近年の著しい次世代シーケンサーの能力向上は、生物学分野の研究手法を一変させた。特に発現遺伝子を対象としたRNAseqは様々な手法が考案されており、様々な生物学的問題の解決に役立っている。
本研究では、従来PCR法を用いて行われてきたリボゾームRNAによる微生物集団構造解析を、このRNAseq法を用いたマッピングベースの手法によって代替すると共に、従来は多量に含まれるリボゾームRNAに隠れて同時に解析する事が難しかったトランスクリプトーム情報をも同時に解析する事を目指した検討を行った。
草津地方の酸性温泉河川でサンプリングされた河床バイオフィルムをターゲットとしてtotal RNAを調製し、それを鋳型として全RNAのcDNAライブラリーを構築した。このcDNAライブラリーをIllumina社のMiSeqにてシーケンスを行い、得られたリードをリボゾームRNAデータベースであるSilva release 108のRepSeqデータベースをレファレンスとしてマッピングした。さらに、マッピングされなかったリードをアッセンブルしたうえでコード領域を推定し、これをトランスクリプトームデータベースとしてバックマッピングを行う事で発現遺伝子のパターンの推定を行った。

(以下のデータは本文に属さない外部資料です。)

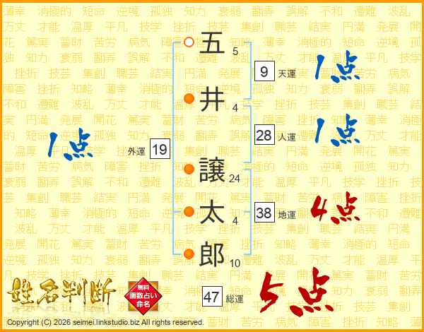 五(5画)井(4画) 譲(24画)太(4画)郎(10画)

サンプリングを行った河川は上流と下流でpHが異なる事から、これらのサンプル間で発現相違解析（DE解析）を行ったところ、複数のリボゾームRNAおよび発現遺伝子で大きな発現変動が認められた。そこでそれらの配列について定量PCRによる配列の存在量の定量を行い、マッピングによる定量値との比較を行った結果、リボゾームRNA・発現遺伝子いずれにおいてもその発現パターンは定量PCRとマッピングによる定量値との間で同じパターンが認められた。このことから、本法は定量性の高い微生物集団構造解析手段として用いられると同時に、発現遺伝子のパターンの把握が可能である事が明らかとなった。同時に、全サンプリングポイントよりウイルスの遺伝子が発現遺伝子として検出されており、プランクトン集団の消長に重要な影響を持つとされているウイルスの同時定量にも道を拓くと考えられた。